ACP members have already contributed to vaccine efforts by involvement in ACIP, Dr. Bell said. The medical experts who comprise ACIP, particularly those in the COVID-19 workgroup, are currently working on issues related to vaccine recommendations.
One major challenge will be deciding who gets the vaccine first. “It's pretty clear that administration of COVID-19 vaccines is going to require a phased approach,” she said. The workgroup has agreed on ethical principles to guide the selection of groups for phased vaccination, before proceeding to more specific decision making.
“There is a general consensus in the ACIP that health care personnel, very broadly defined, probably should be the group in what we were calling phase 1a,” Dr. Bell said. Other priority groups will include other types of essential workers, people with high-risk medical conditions, and adults ages 65 years and older.
“We estimate that probably this represents about 200 million people,” she said. Given the size of that population, experts will likely have to prioritize within it. Factors to consider will be the effectiveness of the vaccine in various populations—a reason that recommendations for each vaccine will be considered separately, Dr. Bell noted—and the morbidity and mortality different groups face from COVID-19.
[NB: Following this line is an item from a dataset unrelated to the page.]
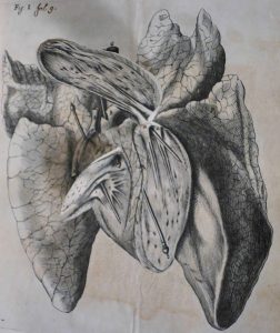 Lugduni Batavorum [ Leiden], apud Petrum Leffen & Franciscum Moyardum, 1662. In-4° : 121-[1] pp.; 10 h.-t. (incomplet des pp. 29-30, partie du titre découpée -pour retirer une mention d'app. ms.- restaurée, qqs piqûres éparses, pet. rouss. concentrées, qqs pp. lég. brunies, p. 29 en partie déreliée). Rel. hollandaise de l'époque : plein vélin à couture apparente, dos lisse titré à la plume (rares pet. défauts). ÉDITION ORIGINALE DE LA TRADUCTION faite par Florent Schuyl, sans l'autorisation de Descartes, sur une mauvaise copie du manuscrit original français, qui lui, fut seulement publié en 1664. Une autre édition parue la même année avec le nom de Moyard avant celui de Leffen dans l'adresse et une vignette de titre différente mais avec une collation identique. Illustré, la majorité gravée sur cuivre, de plus de 40 in texto, de 7 pleines pages, et de 10 planches, dont une avec système mécanique, figurant des organes dont le coeur, des squelettes, schémas, etc. Le "De homine" est considéré comme le premier ouvrage européen traitant de physiologie et fut conçu à la base comme l'appendice du "Discours de la méthode".

There will also be practical considerations regarding distribution. “There are some vaccines that need to be shipped and held at minus 70 [degrees Celsius]. That obviously changes the various scenarios we might consider,” said Dr. Bell. “The next steps for the ACIP are to continue to build a scientific understanding of the epidemiology of the outbreak and of risk groups—modeling the impact of various vaccination strategies, which we've been doing quite a bit of, and interpreting clinical trials safety data, and continuing to strengthen our plans for postmarketing safety monitoring.”
She reiterated the importance of practicing physicians in that monitoring and charged her listeners with some additional tasks. “Public confidence is key to success of any vaccination program … and you can talk to your patients, answer their questions, validate their concerns, and inspire trust and confidence,” Dr. Bell said. She also encouraged clinicians to be prepared to collaborate closely with state and local public health departments on vaccination efforts.
A representative of one such department was the closing speaker of the forum. Rachel Levine, MD, secretary of the Pennsylvania Department of Health, addressed the politics of COVID-19 vaccination.
“This extreme political environment poses a challenge to the effective development, and then the effective distribution and administration, of a vaccine,” she said. “One thing that we all have agreed upon—local public health officials, state public health officials, and federal public health officials—is that there should not be the politicization of COVID-19 response and should not be politicization of the vaccine. And that's what we're going to work for.”
In addition to the problem of longstanding hesitancy or opposition regarding vaccines generally, health officials will have to combat public concerns about the speed with which these vaccines are being developed by providing transparent, apolitical information, she noted. There will also be the opposite challenges that more people will want vaccination than can get it immediately and that many will expect to be able to discontinue all other mitigation measures as soon as a vaccine is available, Dr. Levine said.
Like ACIP, the state has experts working on plans for prioritization, as well as distribution, and they will be engaging practicing clinicians. “We're going to be working with the whole spectrum of our health care environment in Pennsylvania. We'll be working with hospitals and health systems. We're going to be working with private physicians,” said Dr. Levine. “That collaboration on the ground will be so important.”